STUDY MATERIAL below:

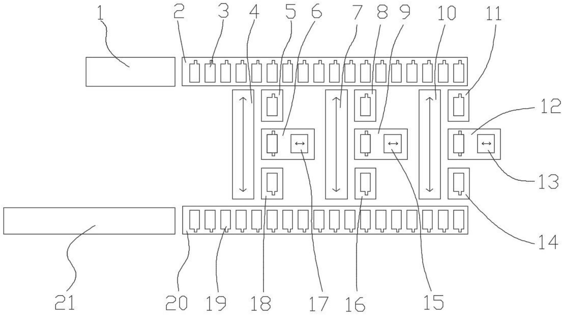 本实用新型提供了一种复合正极的制袋式叠片电芯及生产设备,属于动力电池领域,设备包括负极制片机构、正极复合制片系统、输送机构、叠片转运机构、叠片系统和隔离膜包覆机构;制袋式叠片电芯包括按照负极‑正极‑负极……正极‑负极顺序堆叠的负极片料和正极复合制袋式单元片料,以及外围包覆的隔离膜;本申请可以有效解决大尺寸长电芯高速情况下隔离膜褶皱问题,提升产品合格率,降低设备采购、能源消耗、维护等成本,从而降低锂离子电池的生产成本,可在电池制造领域推广应用。
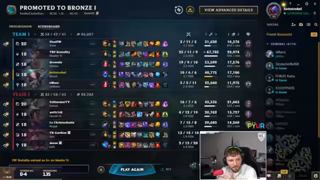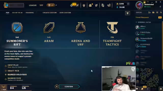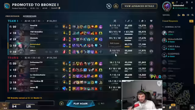 08:30:17Der Streamer wechselt das Thema zu League of Legends und berichtet über eine verheerende Abwärtsspirale auf seinem Smurf-Account von Silber 1 bis niedriges Platin. Trotz eines brandneuen Buffs für die Figur 'Brand' ist er frustriert über das Matchmaking, das ihn bei Verlusten stärkere Gegner zuweist. Er diskutiert mit seinem Mitspieler 'Max' über die Rollenwahl und plant, beide in der Bot-Lane zu positionieren, um gemeinsam Gold zu farmen und eine Turbo-CC-Kombo zu ermöglichen.
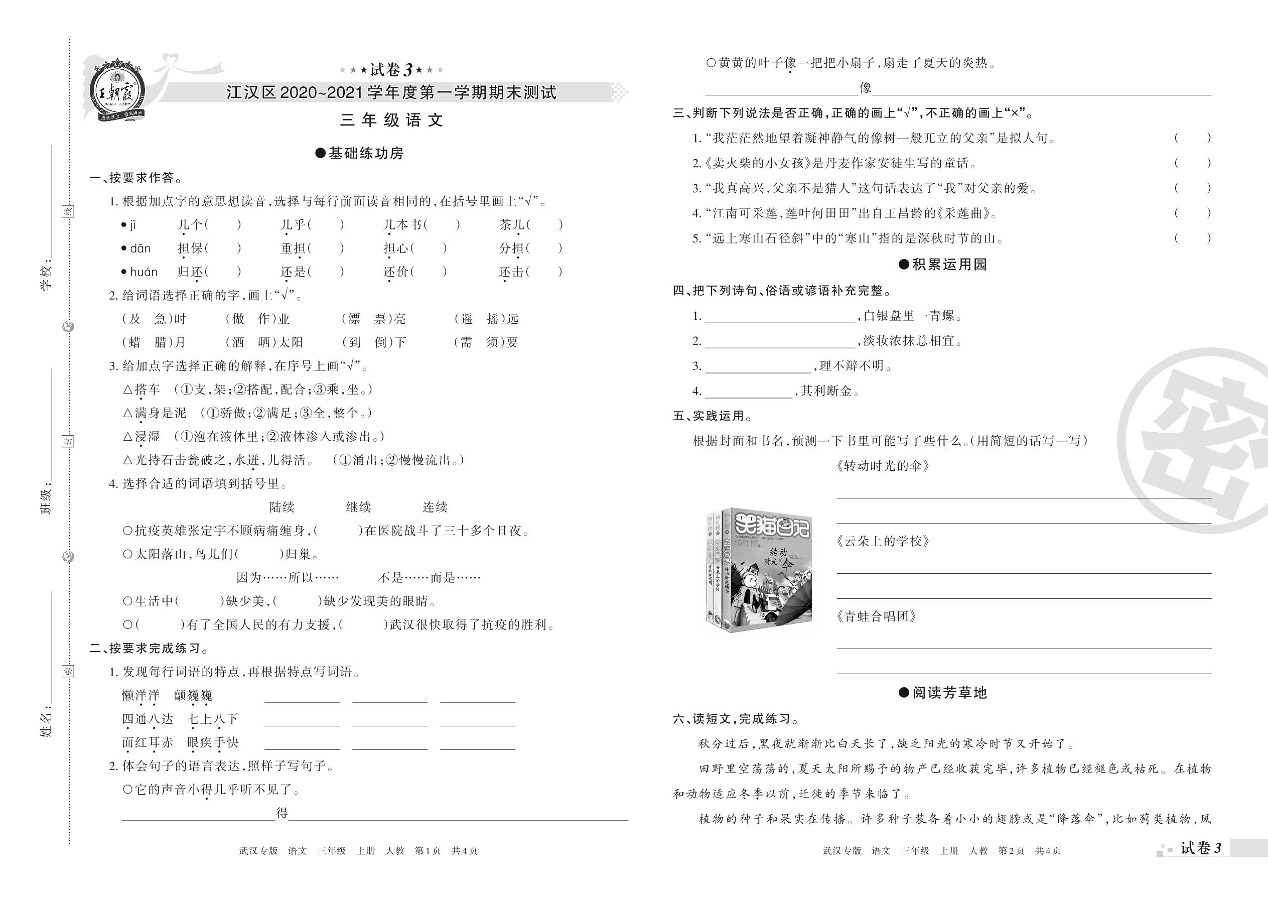 江汉区2020~2021学年度第一学期期末测试三年级语文(人教版)【3】
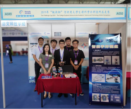 2019年5月25日至26日,永利集团官网教师姚振静、高强、李亚南带队参加在东北大学秦皇岛分校举行的2019年“挑战杯”河北省大学生课外学术科技作品竞赛终审决赛,由姚振静指导,郑宇量、张朱通、马梓洋等申报的参赛作品“智能手环键盘”首获特等奖佳绩。
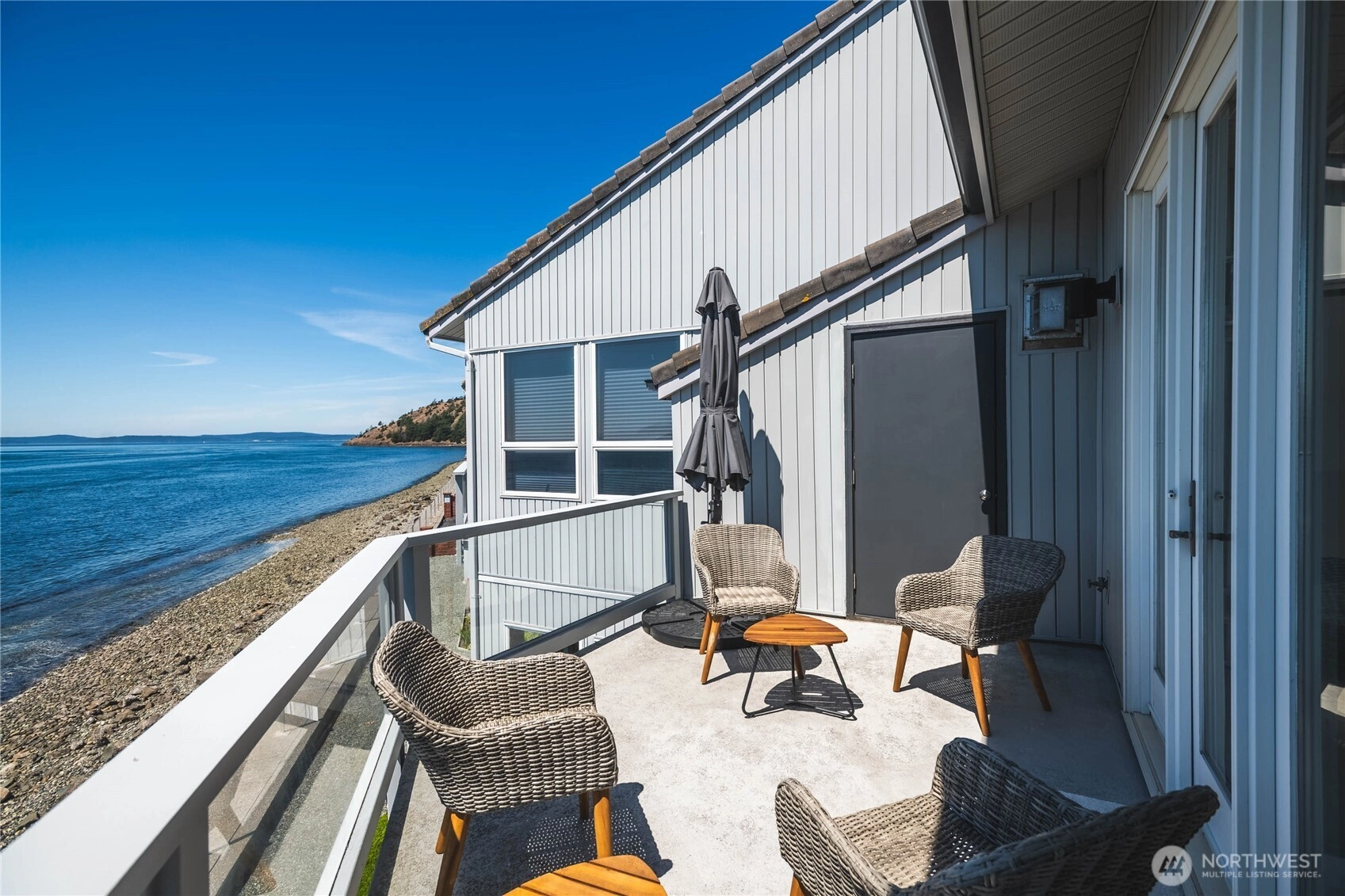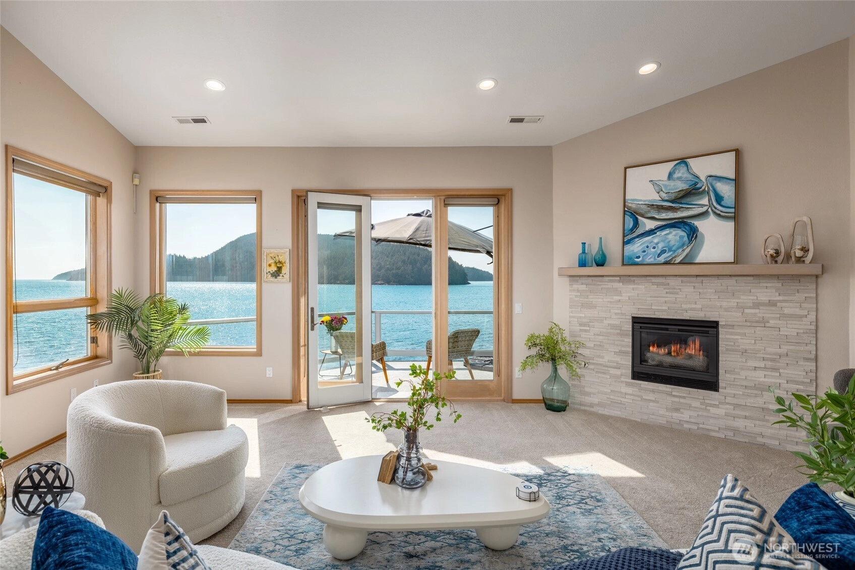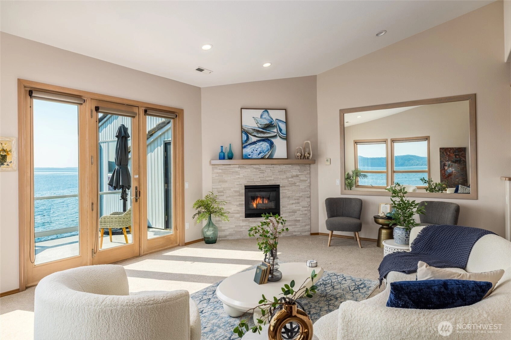 Waterfront Living large! Remodeled in 2019, this exquisite 2-bedroom condo by Burrows Bay offers unending views, sunsets, wildlife and many special features. Quartz countertops, LED lighting, skylights, new flooring and a lot of extra storage. With nine-foot ceilings, a private deck with storage, enclosed garage (with locked storage unit) and an additional outside parking space. Skyline amenities include tennis and pickle ball courts, waterfront parks, and clubhouse. The best Anacortes has to offer! These units don't come on the market often, don't miss this opportunity!
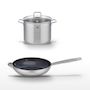 - COMPOSITION : COMPOSITION : Poêle en acier inoxydable avec revêtement sans PFAS, faitout en inox avec couvercle en verre.
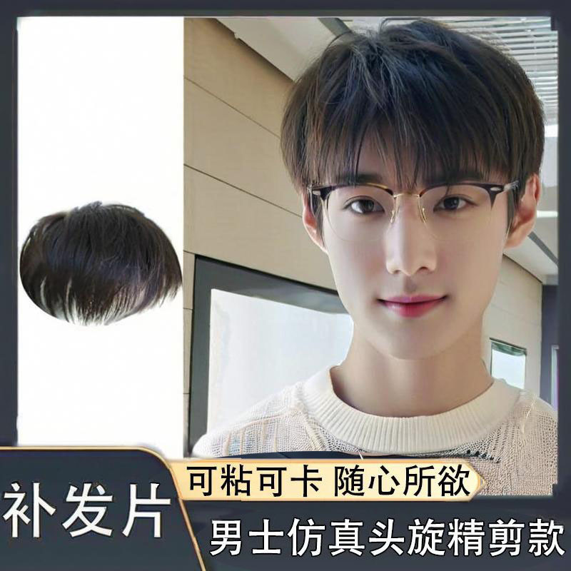 ショートヘアの男性用ウィッグ、ハンサムな韓国風ヘアピース、額に見えないシームレスな男性用フルリアルヘアヘッドトップヘアピース
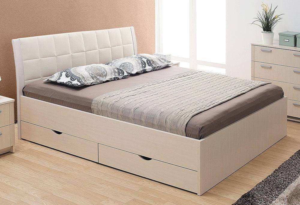 Разновидности двуспальных кроватей с ящиками
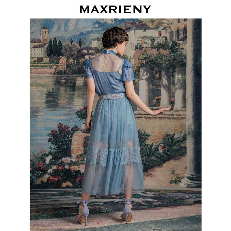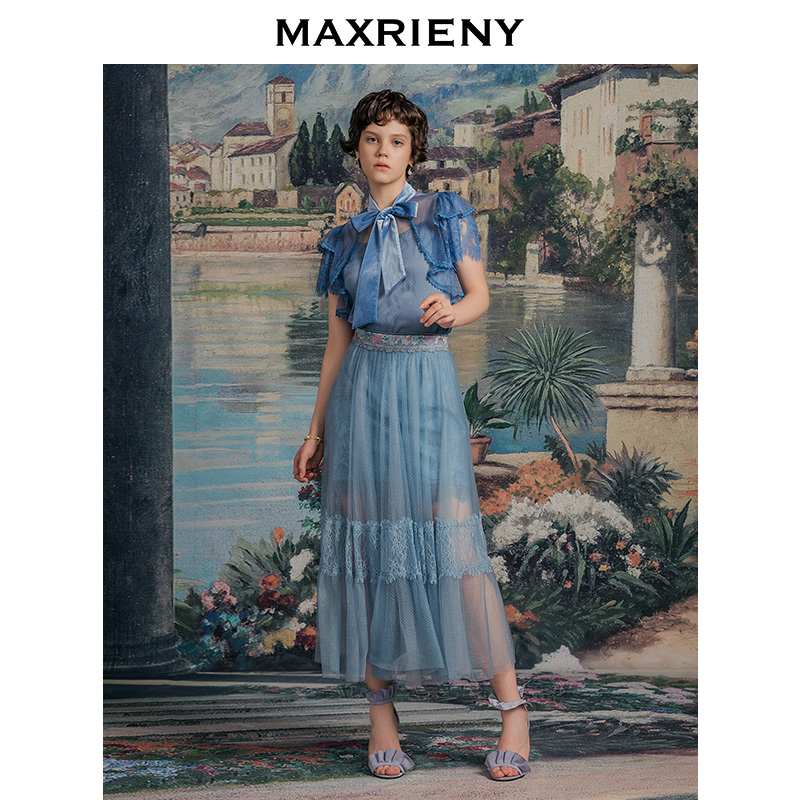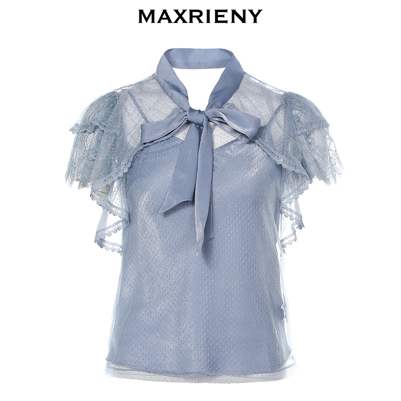 MAXRIENY summer new temperament mesh ruffle short-sleeved lace shirt women's slim hollow lace top fairy
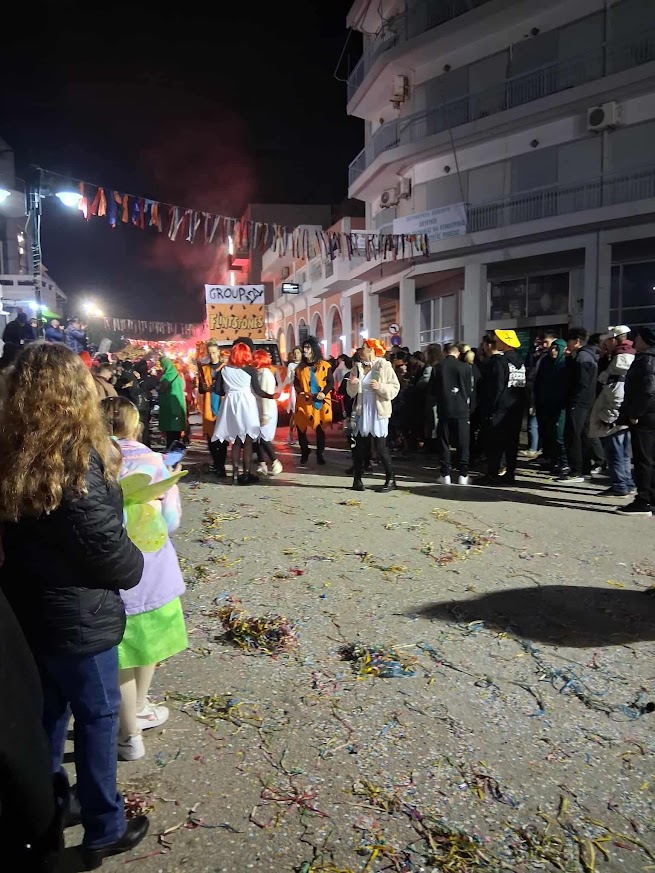 Η συμμετοχή ήταν έντονη και η ατμόσφαιρα ζεστή: χειροκρότημα, χαμόγελα, φωτογραφίες και αρκετή ενέργεια σε όλη τη διαδρομή. Στο “κομμάτι” των συμμετοχών, η επίσημη σειρά που είχε δημοσιευτεί περιλάμβανε 38 γκρουπ, ενώ στο ίδιο πλαίσιο υπήρχε και χώρος για αυτοσχέδιες ομάδες/ελεύθερη συμμετοχή, μαζί με τον καρνάβαλο και τη βασίλισσα της διοργάνωσης. Στολές, μουσική, χορός και πειράγματα έδωσαν τον ρυθμό, με τη σάτιρα να περνάει σταθερά μέσα από τα θέματα και τις εμφανίσεις των ομάδων.
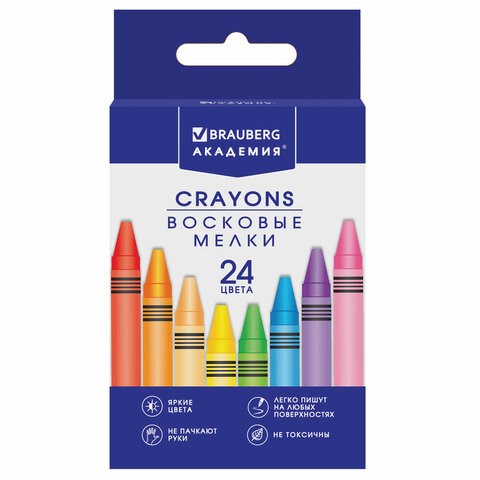 Восковые мелки BRAUBERG "АКАДЕМИЯ", НАБОР 24 цвета, 227285
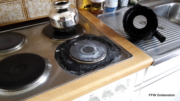 Die Feuerwehr wurde zu einem Gebäudebrand in die Lessingstrasse in Grebenstein alarmiert. Eine auf dem angeschalteten Herd vergessenen Plastikkanne begann zu brennen und die Wohnung wurde mit Rauchgasen verqualmt. Beim Eintreffen der Feuerwehr befanden sich die Hausbewohner bereits ausserhalb des Gebäudes und die Plastikkanne war von der Herdplatte bereits entfernt worden. Unter Atemschutz wurden die Sicherungen vom Elektroherd gezogen und die Türen und Fenster der Wohnung geöffnet. Anschließend wurde die Wohnung mit einem Druckbelüfter von den Rauchgasen befreit.
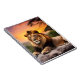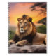 Belo Leão deitado numa rocha com o pôr do sol da selva atrás
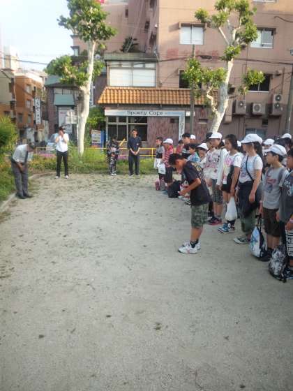 宿に到着しました。挨拶をしているところです。予定より30分ほど早く進んでいますので,ゆっくりとお風呂に入り,夕食を食べます。小出先生のお話は,予定通り午後7時30分からです。
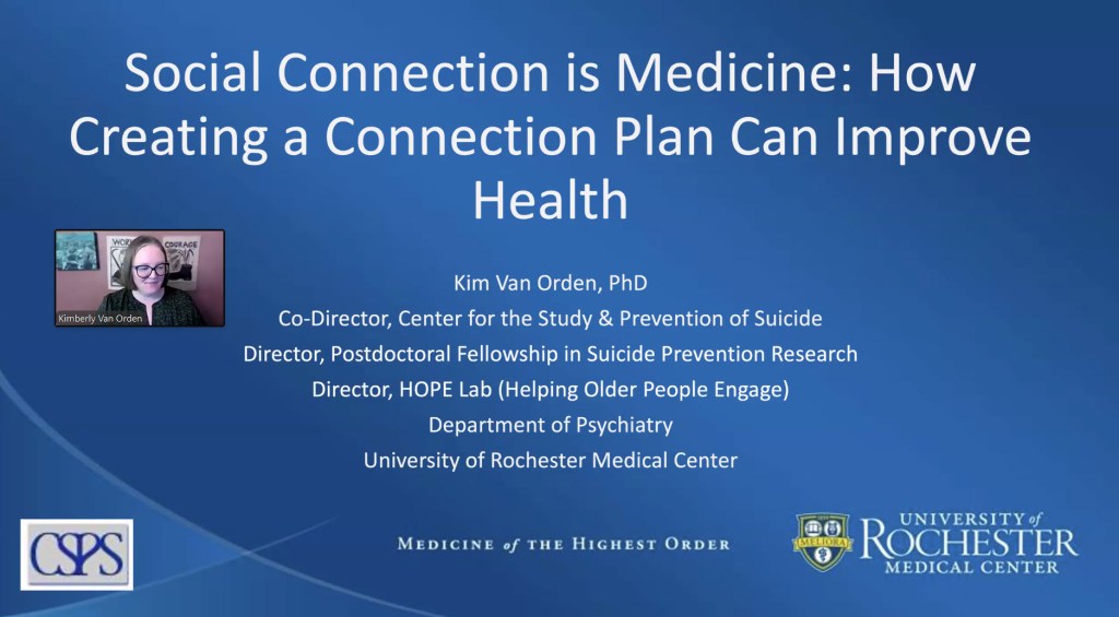 Most people think of medicine as a pill “we might take in the morning or the evening to promote our health,” said Kim Van Orden, an associate professor of psychiatry at the University of Rochester Medical Center.
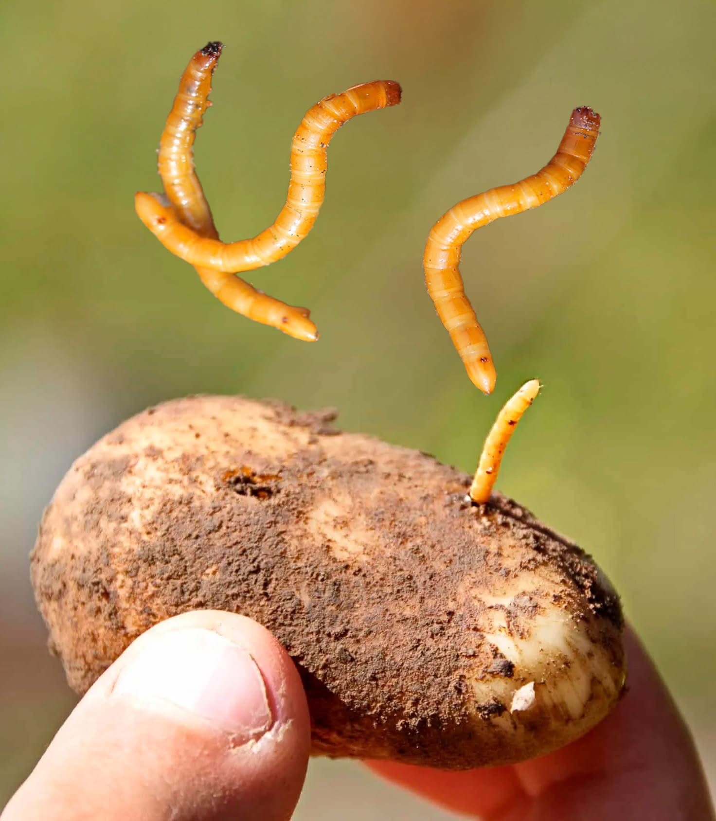 Щоб зробити пастку для личинок дротяника, потрібно розрізати бульбу на 4 рівні частини, потім в кожну частинку встромити паличку з прив’язаною ниткою або тонкою мотузкою та закопати в землю. Пастку потрібно викопати через 4 дні, зібрати та знищити велику кількість личинок.

End of STUDY MATERIAL.

Only the lines from the first line of the entries through the line containing "2019年5月25日至26日" should be output, exactly as they are, without pictures.

*EXERCISE SOLUTION*
 本实用新型提供了一种复合正极的制袋式叠片电芯及生产设备,属于动力电池领域,设备包括负极制片机构、正极复合制片系统、输送机构、叠片转运机构、叠片系统和隔离膜包覆机构;制袋式叠片电芯包括按照负极‑正极‑负极……正极‑负极顺序堆叠的负极片料和正极复合制袋式单元片料,以及外围包覆的隔离膜;本申请可以有效解决大尺寸长电芯高速情况下隔离膜褶皱问题,提升产品合格率,降低设备采购、能源消耗、维护等成本,从而降低锂离子电池的生产成本,可在电池制造领域推广应用。
 08:30:17Der Streamer wechselt das Thema zu League of Legends und berichtet über eine verheerende Abwärtsspirale auf seinem Smurf-Account von Silber 1 bis niedriges Platin. Trotz eines brandneuen Buffs für die Figur 'Brand' ist er frustriert über das Matchmaking, das ihn bei Verlusten stärkere Gegner zuweist. Er diskutiert mit seinem Mitspieler 'Max' über die Rollenwahl und plant, beide in der Bot-Lane zu positionieren, um gemeinsam Gold zu farmen und eine Turbo-CC-Kombo zu ermöglichen.
 江汉区2020~2021学年度第一学期期末测试三年级语文(人教版)【3】
 2019年5月25日至26日,永利集团官网教师姚振静、高强、李亚南带队参加在东北大学秦皇岛分校举行的2019年“挑战杯”河北省大学生课外学术科技作品竞赛终审决赛,由姚振静指导,郑宇量、张朱通、马梓洋等申报的参赛作品“智能手环键盘”首获特等奖佳绩。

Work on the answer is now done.